Figure 3A depicts an exemplary configuration of the diverter sub 208 in a closed
position. In the closed position, the diverter sub 208 facilitates delivery of drilling fluids to the
BHA 210 through both an annulus 205 between the inner pipe 204 and the outer pipe 206 and
the inner pipe 204 itself. As shown in Figure 3A, the diverter sub comprises a pair of return port
valves 302 that are operable to open and close the return ports 212. Additionally, the diverter sub
may comprise an inner pipe valve 304 that is configured to open and close an outlet at the end of
the inner pipe 204 proximate to the BHA 210. As shown in Figure 3, with the diverter sub 208 in
the closed position as shown in Figure 3A, the return ports 212 are closed, preventing return
fluids from flowing into the inner pipe 204. In contrast, when the diverter sub 208 is in the
closed position, the inner pipe valve 304 is positioned to permit delivery of fluids flowing
downhole through the inner pipe 204 to the BHA 210.
Figure 3B depicts the diverter sub 208 in an open position. In the open position,
the return port valves 302 are opened permitting fluid flow through the return ports 212 into the
inner pipe 204. At the same time, the inner pipe valve 304 closes off the bottom of the inner pipe
204, preventing fluid flow from the inner pipe 204 to the BHA 210. As would be appreciated by
those of ordinary skill in the art, with the benefit of this disclosure, the valves 302, 304 may be
any suitable valves, including, but not limited to, a flapper valve, plug (piston) valve, gate valve,
pinch valve, diaphragm valve, rotary valve such as a ball valve or butterfly valve. In certain
preferred embodiments, a piston or plug valve may be the best suited valve to seal with the given
geometries. Moreover, the valves 302, 304 may be communicatively coupled to an information
handling system (not shown) and may be controlled from the surface to selectively place the
diverter sub 208 in the open or the closed position. Specifically, computer-readable instructions
may be stored in a computer readable medium and be used by the information handling system
to control the diverter sub 208.
Returning now to Figure 2, the improved dual string drilling system 200 may be
utilized in two different modes of operation. In the first mode, referred to as the normal drilling
mode, the diverter sub 208 is in the closed position and a fluid may be directed downhole
through the inner pipe 204 from the surface to a desired location downhole along the wellbore
axis. Both the inner pipe 204 and the annulus 205 between the inner pipe 204 and the outer pipe
206 are utilized to provide a path for fluid flow from the surface to the BHA 210. In the second
mode, referred to as the high flow mode, the diverter sub 208 is in the open position.

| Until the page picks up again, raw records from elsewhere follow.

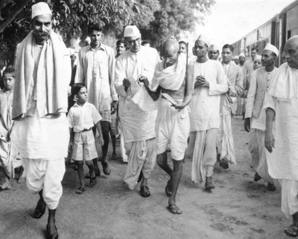 Махатма Ганди пропагандировал движение к независимости страны и хотел, чтобы у народа развивалось чувство собственной национальной гордости, и чтобы чиновники отказывались самостоятельно от почестей, титулов, выдаваемых Великобританией, от покупки английских товаров в пользу приобретения своих, национальных. Пропагандируя философию ненасильственной борьбы, он постоянно призывал сограждан к мирной акции: массовой забастовке и неповиновению. Первая такая забастовка, акция 1919 года, начавшись мирно, постепенно вышла из-под контроля и началось столкновение митингующих с полицией. Соответственно, Ганди, как зачинщика, арестовали и приговорили к тюремному заключению. Находясь в заключении, он критически стал переосмысливать суть своей теории, пути её реализации. После освобождения он не вернулся домой, желая спокойствия семье, жене и детям, стал продолжать борьбу за независимость, живя в лачуге для бедных. Находясь здесь, делив свою еду с ними, он рассказывал им значимость независимости, необходимость положить конец жестокости британцев. Параллельно он обращался с этим призывом к политической элите. Проповедуя свою философию, он способствовал с одной стороны, нравственному обновлению общества, а с другой, добился того, что выдвигаемые им принципы стали менять стереотипы мышления людей, влиять на расстановку и переориентацию политических сил в стране.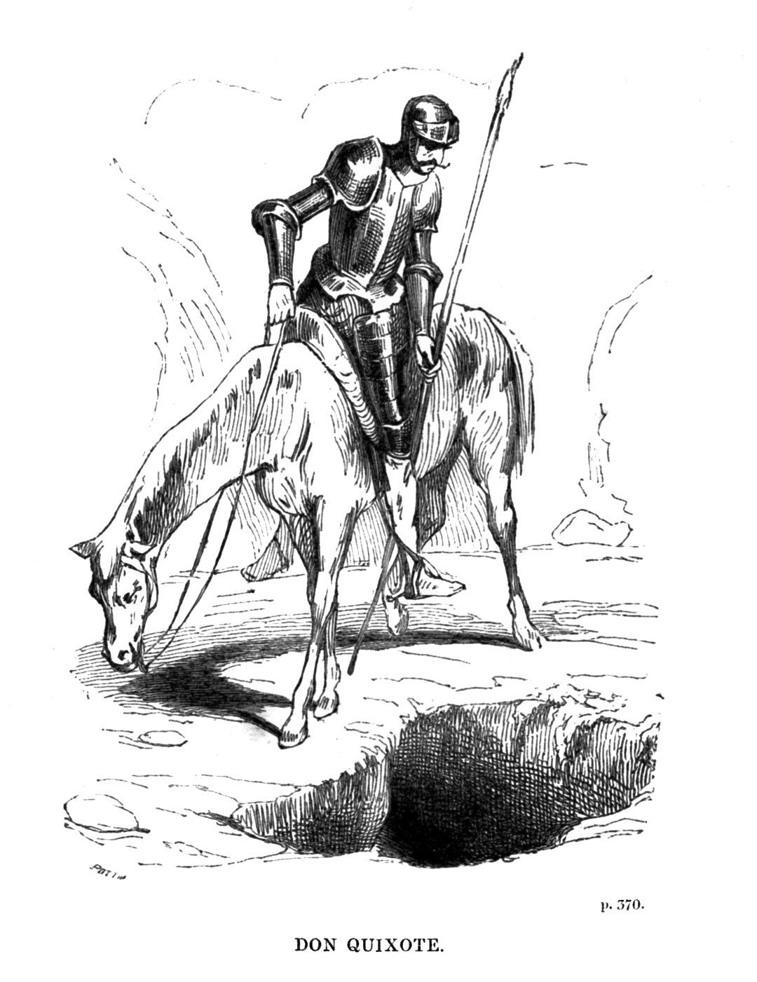But surely such censure is misdirected—surely the downfall of Spain may be traced to other causes. It is not the spirit of heroism, or of Christian self-devotion, which Cervantes would put down. His manly writing can never be accused of that: misfortune had taught him too well in his own earlier days how to appreciate such a virtue. In nothing is his consummate skill perceived more than in the way in which he prevents us from confounding the follies of the knights-errant, and of the debased books of romance, with the generous heart and actions of the true Christian gentleman. In spite of all his hallucination, who can help respecting Don Quixote himself? We laugh, indeed, at the ludicrous situations into which his madness is for ever getting him; but we must reverence the good Christian cavalier who, amidst all, never thinks less of any thing than of himself and of his own interest. What is his character? It is that of one possessing virtue, imagination, genius, kind feeling,—all that can distinguish an elevated soul, and an affectionate heart. He is brave, faithful, loyal, always keeping his word; he contends only for virtue and glory. Does he wish for kingdoms? it is only that he may give them to his good squire Sancho Panza. He is a constant lover, a humane warrior, an affectionate master, an accomplished gentleman. It is not, then, by describing such a man that Cervantes desired to ridicule real heroism; surely not: he would only shew that, even with all these good qualities, if they were misdirected or spoiled by vain imaginations, the most noble could only become ridiculous. He would teach us, that this is a world of action, and not of fancy; that it will not do for us to go out of ourselves and out of the world, and lead an ideal life: our duties are around us and within us; and we need not leave our own homes in order to seek adventures wherein those duties may be acceptably performed. He perceived that by knight-errantry and romances some of the holiest aspirations of the human heart were, according to the adage, which affirms that "there is but one step from the sublime to the ridiculous," by over-description and fulsome language, in danger of being exposed to ridicule, and so of being crushed; and he resolved, by excess of satire, to put a [Pg xxvi] stop at once to such a danger,—to crush those books which were daily destroying that which he held most dear—the true spirit of chivalry, the true devotion of the Christian gentleman. "When the light of chivalry was expiring, Cervantes put his extinguisher upon it, and drove away the moths that alone still fluttered around it. He loved chivalry too well to be patient when he saw it parodied and burlesqued; and he perceived that the best way of preserving it from shame was, to throw over it the sanctity of death."[3]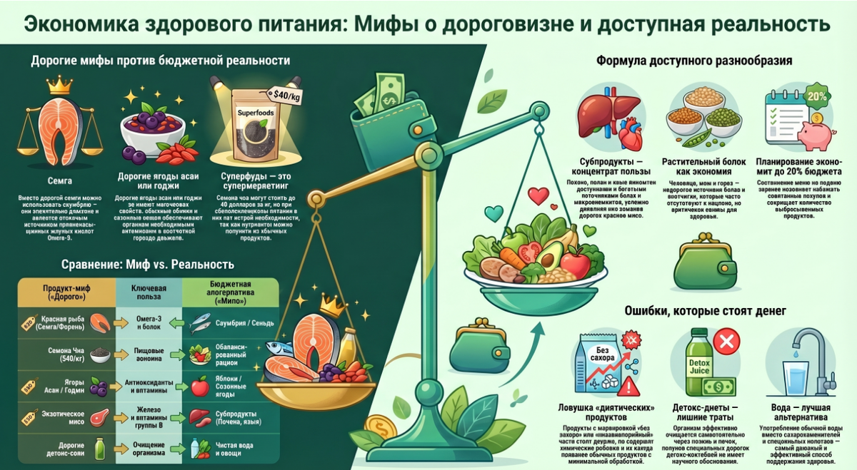 Здоровое питание (ЗП) обросло таким количеством легенд, что за ними не видно самой тарелки. Пора сорвать покровы и разобраться, где нас кормят наукой, а где — маркетинговой лапшой. Разбираем всё по полочкам! Миф: Правильное питание — это только для богачей. Нужны семена чиа, ягоды асаи и обязательно красная рыба., Реальность: Здоровый рацион может быть бюджетным. Вместо семги — скумбрия (в ней полно омега-3), вместо экзотических ягод — сезонные овощи и яблоки., Помните: семена чиа стоят до 40 долларов за кг, но если ваше питание сбалансировано, в них нет острой необходимости. ЗОЖ — это не про деликатесы, а про разнообразие: не забывайте про птицу, субпродукты (печень, язык) и растительный белок (чечевица, маш, горох). Миф: Нельзя есть после 18:00, а питаться нужно 6 раз в день, чтобы «разогнать» метаболизм., Реальность: Организму важен общий суточный баланс калорий, а не время их поступления.,, Метаболизм не «выключается» в 18:00. Ужинать можно за 2–3 часа до сна. Что касается частоты: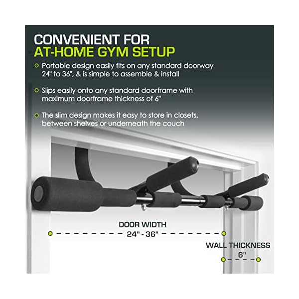 EASY TO USE – Portable design easily fits on any standard doorway 24″ to 32″, and is simple to assemble and install

Accordingly, the downward flow of the drilling fluid continues through the annulus 205 between
the inner pipe 204 and the outer pipe 206 to the BHA 210. With the diverter sub 208 in the open
position, the return ports 212 are fluidically coupled to the inner pipe 204. Accordingly, the
return fluid together with cuttings and other materials removed from the downhole location may
be directed to the return ports 212 and returned to surface through the inner pipe 204. In certain
embodiments, the diverter sub 208 may be cycled multiple times between its open and closed
positions when performing a subterranean operation to provide the high flow mode on demand.
As would be appreciated by those of ordinary skill in the art, with the benefit of this disclosure,
the high flow mode may be used in a clean out mode to perform clean out operations or in a
cementing mode to perform cementing operations.

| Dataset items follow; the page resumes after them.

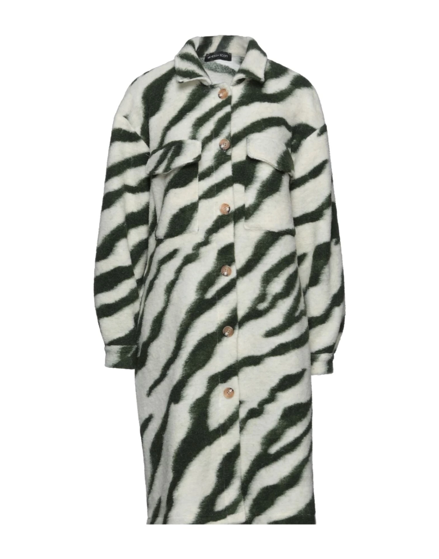 boiled wool, no appliqués, zebra stripes, classic neckline, single-breasted , long sleeves, unlined, button closing, multipockets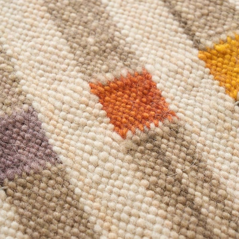 ウール素材ならではのナチュラルな風合いと、中央に配置されたカラフルなデザインの組み合わせがなんともかわいらしい玄関マット。白度の高いニュージーランドウールの特徴を活かした鮮やかな染毛が、素朴なデザインに花を添えています。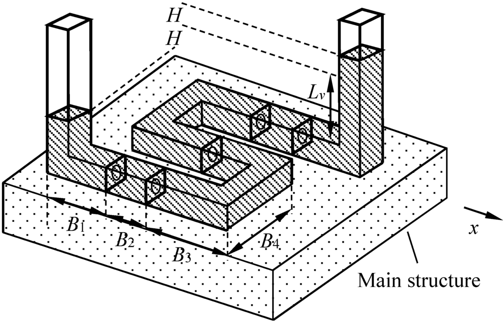 where the total mass of liquid in device is md; the density of liquid is ρd; the acceleration of gravity is g; the cross-sectional area of liquid column is Ad; the head loss coefficient is hd; the mass of the main structure is Ms; the damping of main structure is Cs; the total stiffness of main structure is Ks; the external excitation is F(t); t the vertical length is Lv, the horizontal length of the L-shaped column is B1; the length of the linear type column is B2; half the length of one side of the S-shaped column is B3; and the lateral length of the S-shaped column is B4.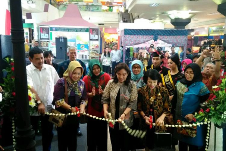 Ketua Tim Penggerak PKK Kota Semarang, Krisseptiana Hendrar Prihadi didampingi Kepala Dinas Koperasi dan UMKM Kota Semarang, Litani Satyawati memotong pita sebagai simbol dimulainya Semarang Gemerlap Expo 2018.. ©2016 Merdeka.com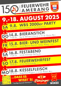 Gegründet 1875 im Gasthaus Rechl, zuständig da auch noch für Wasserburg, Griesstätt, Endorf, Kienberg und Schnaitsee und alarmierend per Kirchenglocken und Trompeten – ausrückend zu Fuß oder mit Pferdegespann: Ganz im Zeichen ihrer Feuerwehr steht die Gemeinde Amerang ab dem kommenden Donnerstag, 14. August:  Die Helfer in der Not feiern das 150-Jährige ihres Vereins, ein fester Bestandteil der Gemeinde Amerang seit eineinhalb Jahrhunderten.

In certain embodiments, the improved dual string drilling system 200 may include
one or more packers 214 positioned at different axial positions along the its length. In one
embodiment, the packers 214 may be inflatable packers. The packers 214 may bridge the
annulus 222 between a casing 216 (or the wellbore if the well is not cased) and the outer pipe
206. As shown in Figure 2, the outer pipe 204 may be positioned within the casing 216. In one
embodiment, the packers 214 may include a seal element 218 that does not rotate with the casing
216 but allows the dual string pipe 202 to rotate freely. The activation/deactivation of the
packers 214 may be powered and controlled by electrical commands from the surface which may
be directed downhole using a wired or wireless communication network. In certain
embodiments, an information handling system may be communicatively coupled to the packers
214 and control operations thereof.
The packers 214 may serve a number of functions. For instance, the packers may
be used to close the annulus 222 between the casing 216 (or the wellbore wall if not cased) and
the outer pipe 206 to prevent return of fluids to the surface. Moreover, in certain embodiments,
hydraulic pressure may be applied to an upper side of the packers 214 in order to exert a
downward pressure on the BHA 210 and the drill bit. Additionally, in certain embodiments, the
packers 214 may be utilized to inject fluids into the fluid flow stream provided by the dual string
drilling system 200.
Figure 4 depicts a cross sectional view of a packer 214 in accordance with one
exemplary embodiment of the present disclosure. In one embodiment, the packer 214 may be a
subassembly that is inserted between two sections of the dual string pipe 202. Accordingly, the
packer 214 may include a packer inner pipe 224 and a packer outer pipe 226 that are fluidically
coupled to the inner pipe 204 and the outer pipe 206, respectively. The packer 214 may further
include an inner pipe valve 220A and an outer pipe valve 220B that as discussed in more detail
below, are operable to fluidically couple the annulus 222 with the inner pipe 204 or the annulus
205. As would be appreciated by those of ordinary skill in the art, with the benefit of this
disclosure, the present invention is not limited to the specific arrangement of valves depicted in
Figure 4. For instance, more valves may be used to achieve different specific fluid flow
mechanisms without departing from the scope of the present disclosure.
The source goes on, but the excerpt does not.